Do Technical Indicators Actually Work? We Ran 856 Statistical Tests to Find Out

A rigorous, pre-registered-style study of 14 indicators across 20 years, 5 assets, and 10,000-permutation bootstrap testing with Bonferroni correction.

The Question Every Trader Avoids Answering Honestly

Retail trading content runs on a single engine: the promise that a specific chart pattern, crossover signal, or indicator reading predicts what happens next. RSI below 30 means it’s oversold and will bounce. The 50-day crosses above the 200-day — golden cross — and the bull run begins. MACD crosses bullish and you buy.

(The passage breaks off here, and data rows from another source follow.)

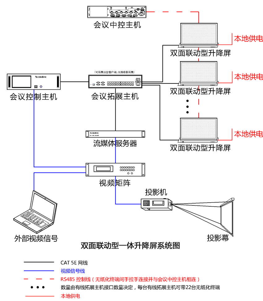3、系統(tǒng)可以擴(kuò)展第三方網(wǎng)絡(luò)中控,從而實現(xiàn)任意會議終端(經(jīng)過授權(quán))隨時對周邊設(shè)備進(jìn)行控制;第三方中控可通過RF/RS 485協(xié)議對升降進(jìn)行統(tǒng)一控制。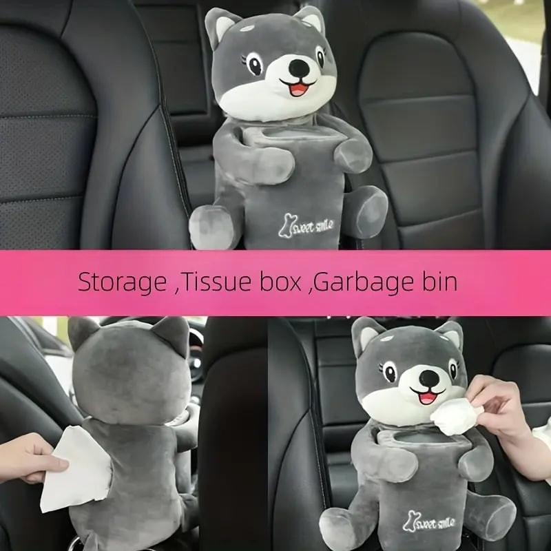 1pc Cute Car Interior Accessory, 2 Functions, 2-in-1 Car Tissue Box, Car Trash Can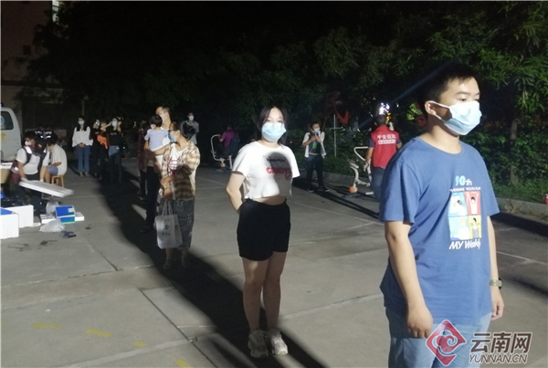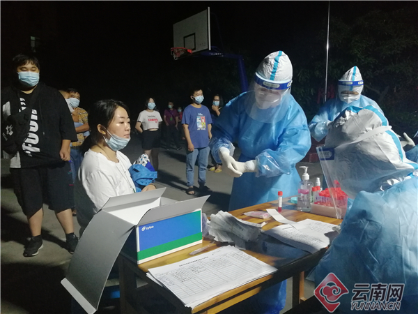 与此同时,在瑞丽市勐卯社区核酸检测点,也呈现出一片灯火通明的景象。检测工作人员身穿防护服,正在对市民核酸检测进行核酸检测。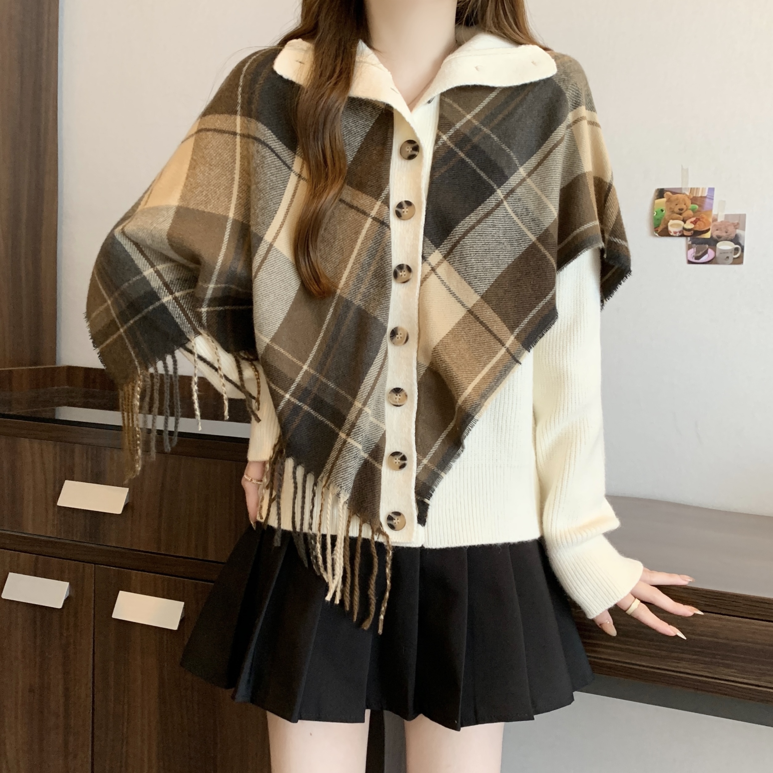FA51547# 大码高领针织拼接格子披肩假两件不规则开衫 服裝批發女裝批發服飾貨源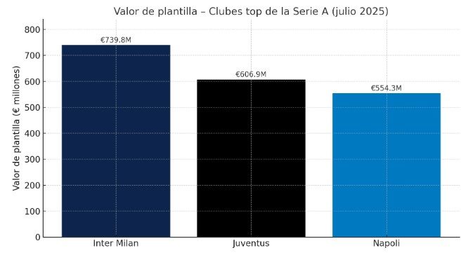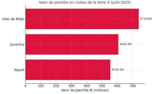 Inter Milan, Juventus y Napoli son tres equipos del Calcio que superan los € 500 millones según Transfermarkt (corte julio‑2025):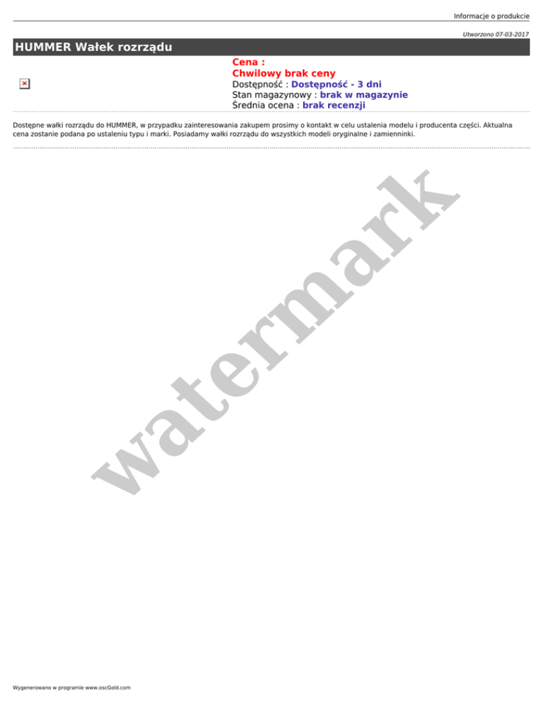 Informacje o produkcie Utworzono 07-03-2017 HUMMER Wałek rozrządu Cena : Chwilowy brak ceny Dostępność : Dostępność - 3 dni Stan magazynowy : brak w magazynie Średnia ocena : brak recenzji w at er m ar k Dostępne wałki rozrządu do HUMMER, w przypadku zainteresowania zakupem prosimy o kontakt w celu ustalenia modelu i producenta części. Aktualna cena zostanie podana po ustaleniu typu i marki. Posiadamy wałki rozrządu do wszystkich modeli oryginalne i zamienninki. Wygenerowano w programie www.oscGold.com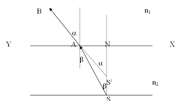 نفرض أن S نقطة مضيئة موجودة في وسط شفاف معامل انكساره n2 ،فان SA يمثل شعاع ساقط من هذه النقطة على السطح المستوى XY الذي يفصل بين هذا الوسط و وسط آخر شفاف معامل انكساره n1 و أقل كثافة ضوئية من الوسط السابق، و أن AB يمثل اتجاه الشعاع المنكسر في هذا الوسط كما بالشكل.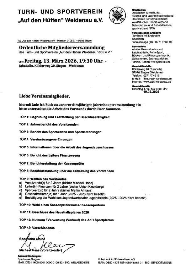 - 13.03.2026 um 19:30 Uhr in der Vereinsturnhalle: Jahreshauptversammlung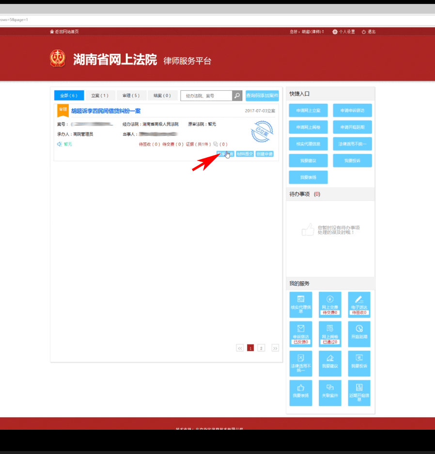 1、进入“律师服务平台”(登录方法参见网上立案)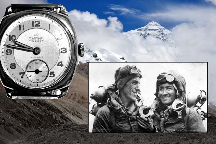 In den 30ern ließ sich Smith ein Patent für elektrische Synchron-Uhren sichern (Abb.s.o.). Als weiteres horologisches Highlight der Firma darf nicht unerwähnt bleiben, dass Sir Edmund Hillary 1953 bei der Erstbesteigung des Mt. Everst eine Armbanduhr der porträtierten Firma trug (Abb.s.u.). Aber auch bei der Commonwealth Trans-Arctic Expedition 1956 griff man auf Smith-Instrumentarium zurück. |

These are presented as facts. They are rarely tested as hypotheses.

We tested them. All of them. With the kind of statistical rigor that would survive peer review: Welch’s t-tests, 5,000-to-10,000 permutation bootstraps, Bonferroni correction for multiple comparisons, and Cohen’s d effect sizes. 856 hypothesis tests total.

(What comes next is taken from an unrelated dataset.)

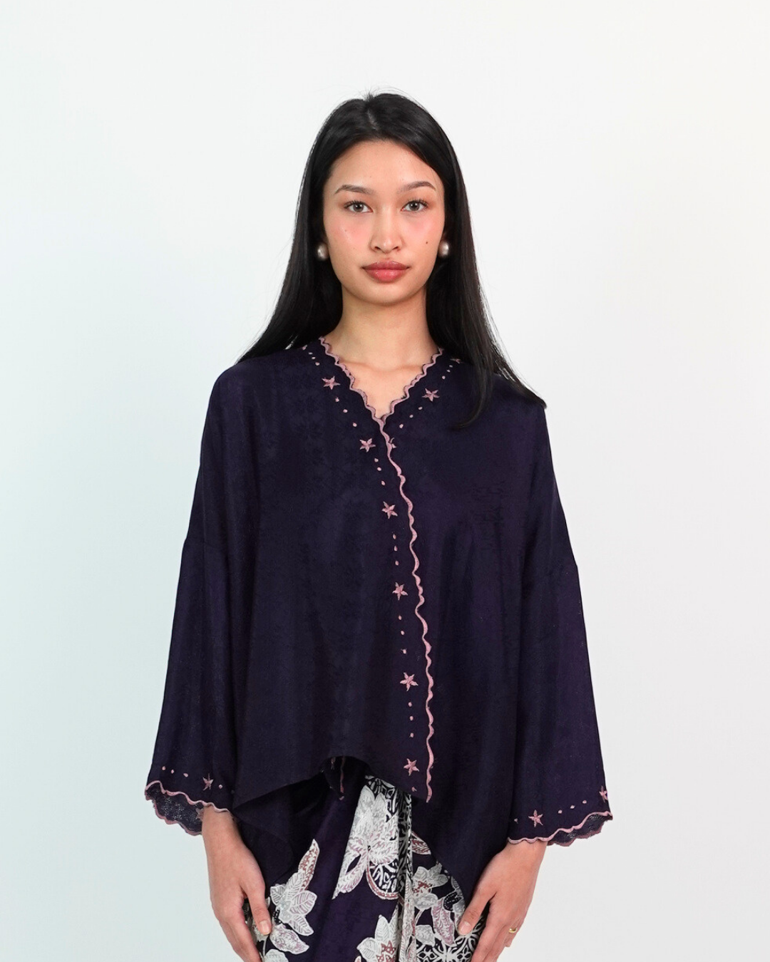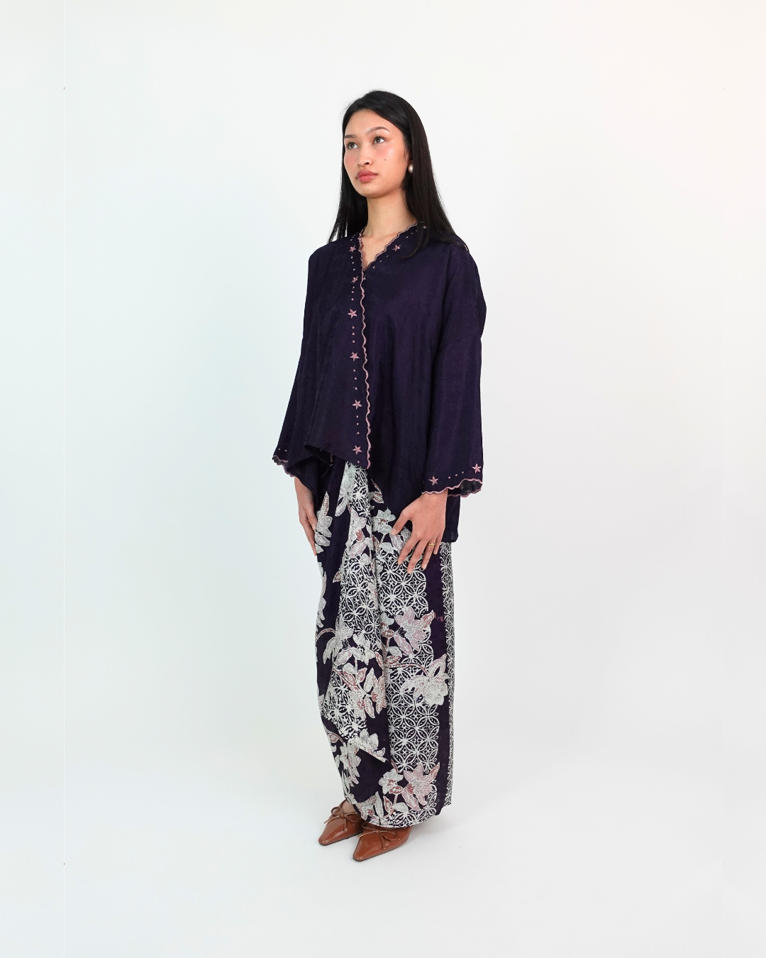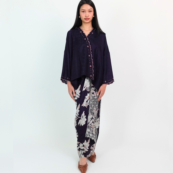 MALIKA blends kurung and kimono influences with a drop-shoulder top and front snap button. Designed using THEA’s in-house semi-silk batik print, it blends heritage charm with a soft flair.

Here’s what held up — and what collapsed.

Methodology

Data

Universe: SPY, QQQ, GLD, TLT, EEM — five assets spanning equities (broad, tech), commodities (gold), bonds, and emerging markets
Period: January 2004 – December 2024 (20 years, ~5,280 trading days per asset)
Source: Yahoo Finance adjusted close prices, with volume for OBV/MFI

Diverse assets matter. An indicator that only “works” on SPY might be picking up a statistical artifact of U.S. equity bull markets. We want signals that generalize.

Statistical Design

For each indicator signal (e.g., “RSI crosses below 30”), we split every trading day into two groups:

Signal days: days where the indicator fired
Non-signal days: all other days

We then measured forward log returns at four horizons: 1, 5, 10, and 20 trading days.

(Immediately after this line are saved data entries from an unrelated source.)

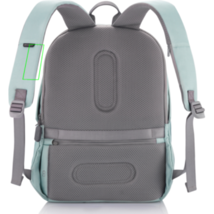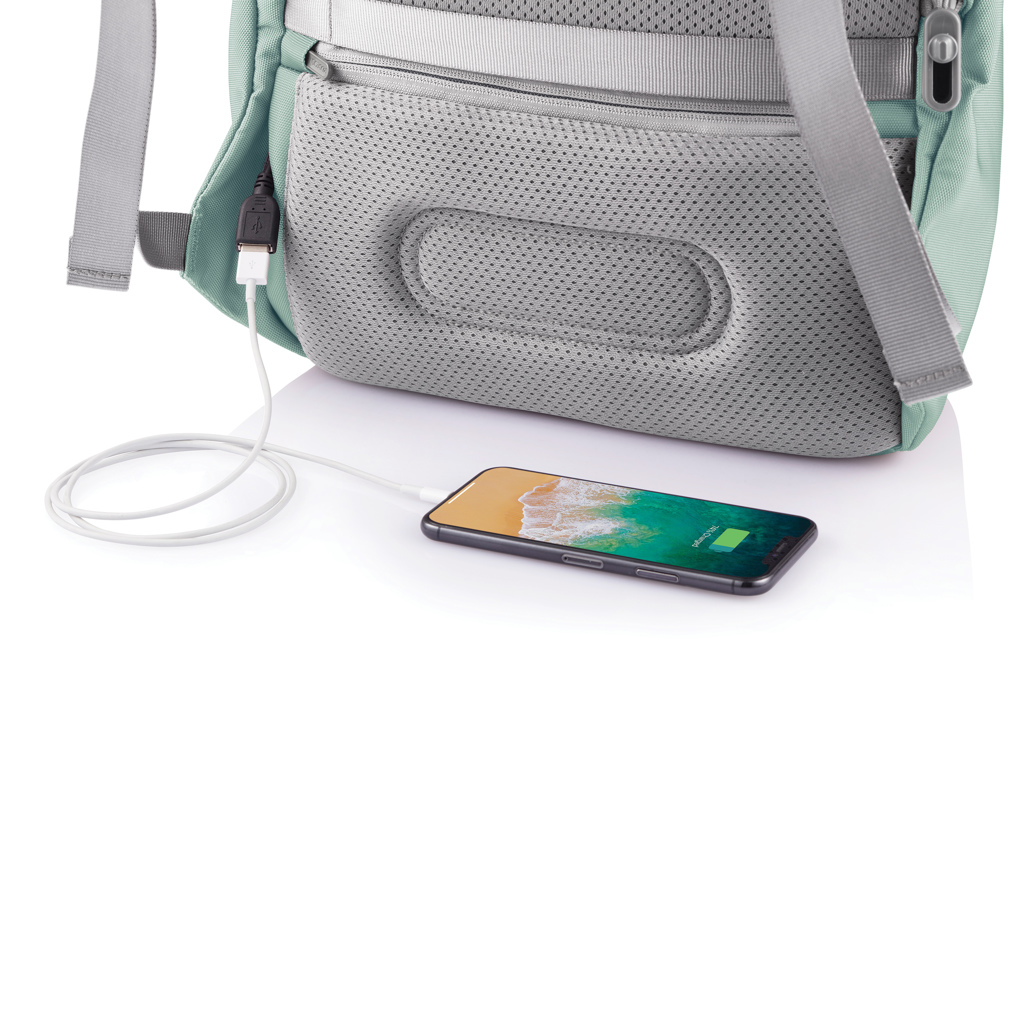 For university, school, work or your next trip, the Bobby Soft Backpack is ready! The iconic Bobby anti-theft design with hidden RFID protected pockets, no front access and hidden zippers is now complemented with a safe zipper puller on the main compartment. In the main compartment, you can easily organise your gear with a padded 15.6″ laptop compartment, notebook pocket, smart pockets and a keychain clip. The top of the backpack is expandable giving additional space. This backpack is also equipped with an integrated USB charging port and water repellent material. Made from R-pet materials and AWARE™ tracer. With AWARE™, the use of genuine recycled fabric materials and water reduction is guaranteed, by using the AWARE disruptive physical tracer and blockchain technology. Each Bobby Soft saves 23L of water and reuses 39 plastic bottles. Registered design®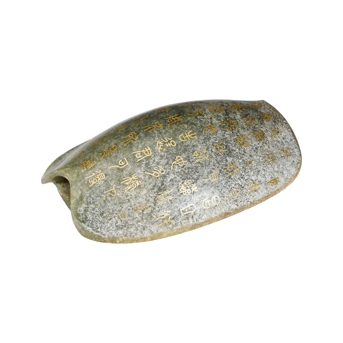 A GOLD INLAYING JADE INSCRIBED SHELL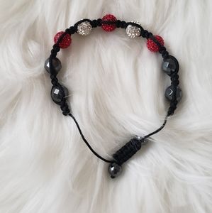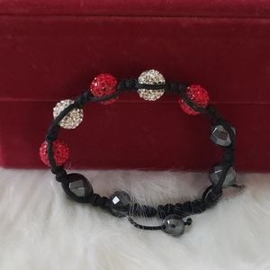 Red/Silver Rhinestone weaved pull string Bracelet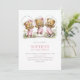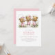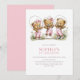 Girl Teddy Bears In Pink Overalls 1st Birthday Invitation
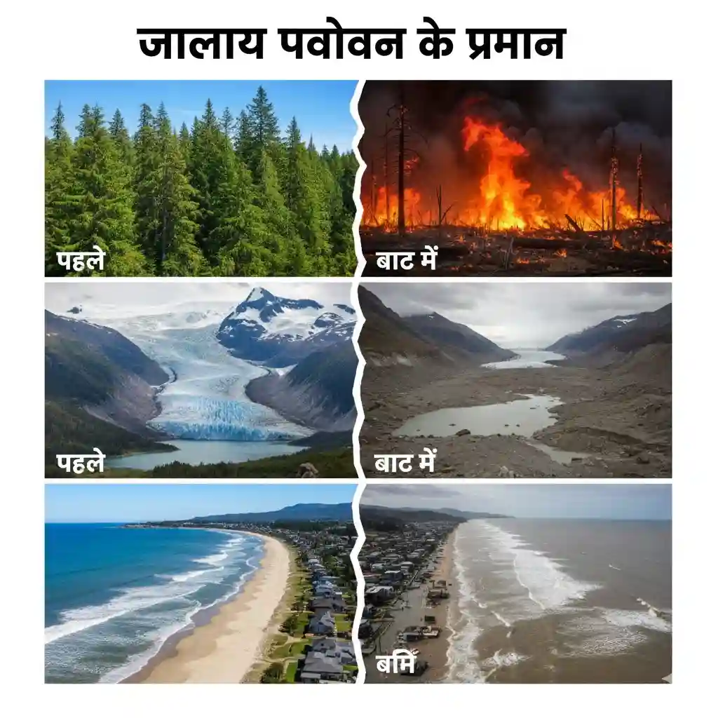 जलवायु परिवर्तन (Climatic change) के विभिन्न प्रमाणों (कारणों) का उल्लेख करें।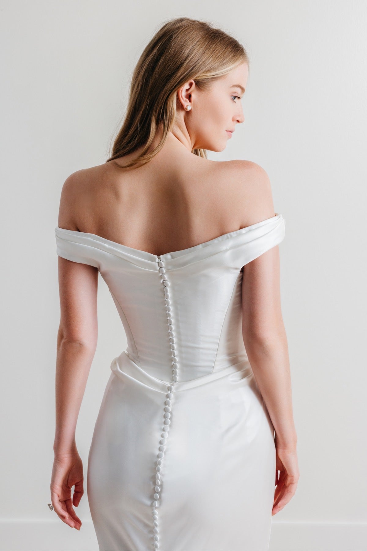 Effortless elegance meets classic glamour in Gisele. Cut from polished satin, this off-the-shoulder sheath features a sleek silhouette, boned bodice, and a row of buttons down the back for that timeless finish. Understated but unforgettable.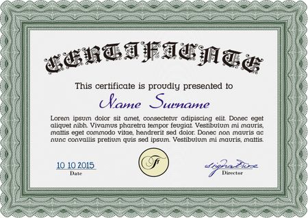 Sample Diploma. Printer friendly. Modern design. Border, frame.

Three tests per (indicator × asset × horizon) combination:

Welch’s t-test — two-sided, unequal variance. Standard parametric test.
Permutation bootstrap — 5,000 to 10,000 random shuffles of signal labels. The null distribution is built from the data itself, no distributional assumptions.
Cohen’s d — effect size. A p-value tells you whether an effect exists; Cohen’s d tells you whether it matters.

Multiple Comparison Correction

This is where most retail “backtests” fall apart. If you test 856 hypotheses at α = 0.05, you expect 42.8 false positives by pure chance — no indicator required. Raw statistical significance is meaningless without correction.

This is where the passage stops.